Overfilled class-sizes, economic disadvantages and "learning disorders" are common. Yet underlying all of this, there are three primary barriers that keep one from successfully studying a subject. Despite all that has been written on the subject of study, these three barriers were never isolated as having such importance in effective education.


This is not attention deficit disorder, emotional problems or stupidity at work. This is the emotional or physical reactions a student of any age will experience when encountering one of these barriers to learning.

Students fail to learn because no one has ever taught them how to learn — how to identify the barriers to learning and how to overcome them.

What are the three primary barriers to learning? The answer is found in Study Technology, central to which is the delineation of these barriers to study. Never before recognised, these yet constitute the primary reasons for educational failures.

FIRST BARRIER TO LEARNING:

"LACK OF MASS (PHYSICAL OBJECT) OF WHICH IS BEING STUDIED"

If one is attempting to understand the function and operation of a car or a computer or a solar system, the printed page and spoken word are no substitute for the object itself.

It would be difficult to understand how to use a computer for the first time if you did not have the computer there in front of you.


In fact, lacking the object associated with a word can inhibit all understanding.

Have you seen your children or students look like this when they study?

Perhaps you have experienced this yourself when you've tried to learn something.
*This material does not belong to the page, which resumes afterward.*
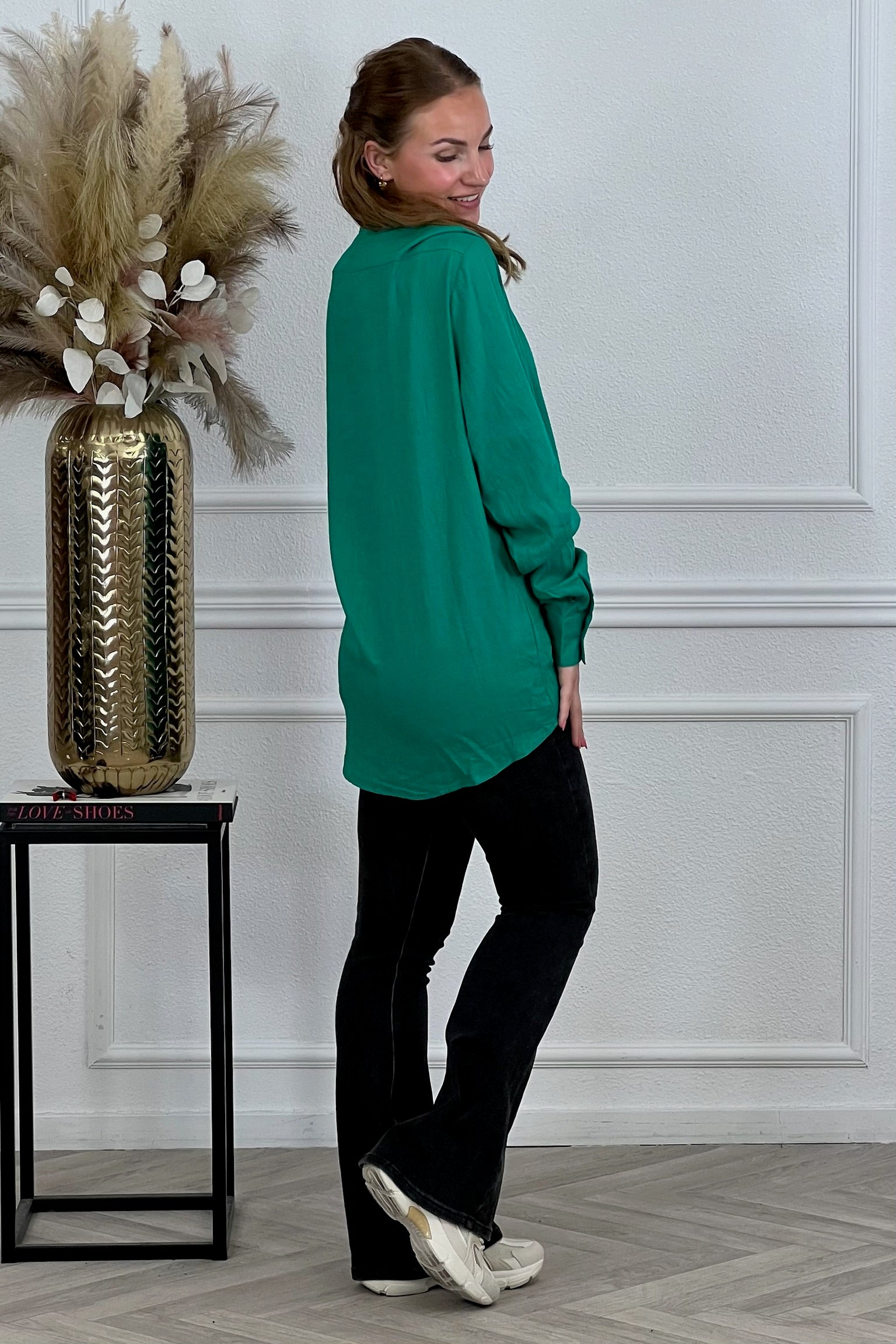 Een fijne basic blouse die altijd goed is! Shop hem in green!

A person studying a subject without the objects related to that subject will experience these and several other specific reactions.

Knowing how to identify and handle these reactions is vital to a student's ability to grasp and use a subject — and more than vital to a teacher's ability to get a student to learn the subject.
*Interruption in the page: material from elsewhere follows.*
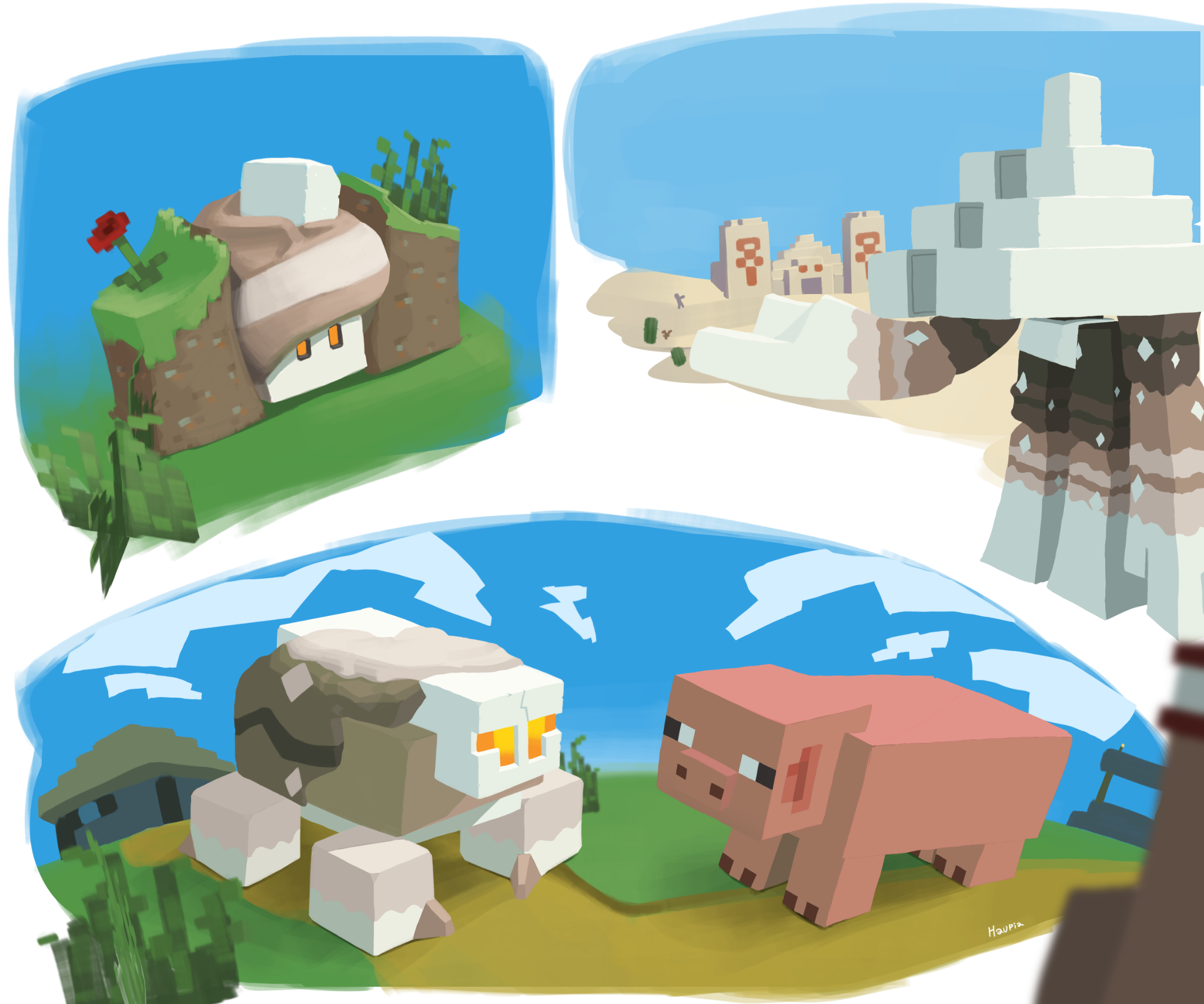 blue_sky building cactus cloud crossover day desert desert_temple_(minecraft) evolutionary_line flower garganacl grass grass_block haupia-lcb highres minecraft nacli naclstack nintendo no_humans outdoors pig pig_(minecraft) pokemon pokemon_(creature) poppy_(flower) red_flower sky

SECOND BARRIER TO LEARNING:

"TOO STEEP A STUDY GRADIENT"

A gradient is a way of learning or doing something step by step. A gradient can be easy where each step can be done easily, or it can be hard where each step is difficult to do.

Too steep a gradient consists of not having mastered prior skills before going onto more complicated or detailed steps.

A student who has skipped a gradient may feel a sort of confusion or a feeling of reeling (i.e. moving or swaying like you might fall).

These are two reactions a person will have when they have missed a step or hit too steep a gradient in the subject they're studying.

This is often referred to as "missed basic skills" or "insufficient basic skills."

THIRD BARRIER TO LEARNING:

"A WORD THAT IS NOT UNDERSTOOD OR WRONGLY UNDERSTOOD"

The third and most important barrier is the misunderstood word.

Have you ever been reading a book or a report, gotten to the end of the page and couldn't remember what you read?

Therein lies the phenomena of the misunderstood word — all becomes distinctly blank beyond a word not understood or wrongly understood.

The matter is far more critical than one might surmise, and of the three barriers it is the misunderstood word that bears most upon human relations, the mind and understanding.

It is the misunderstood word that establishes aptitude — or lack of it.
It produces a vast panorama of reactions and is the prime factor involved with stupidity. It also determines whether or not one can actually perform a learned skill and to what degree of proficiency.

Have you ever observed someone looking tired while studying, as if they were about to fall asleep? Daydreaming? Looking blank?

All of the above are the result of one or more words or symbols not understood or wrongly understood.

The misunderstood word can stop a student in his tracks completely.
Knowing how to determine when there is a misunderstood word or symbol, how to find it and how to handle it are critical to the success of any student.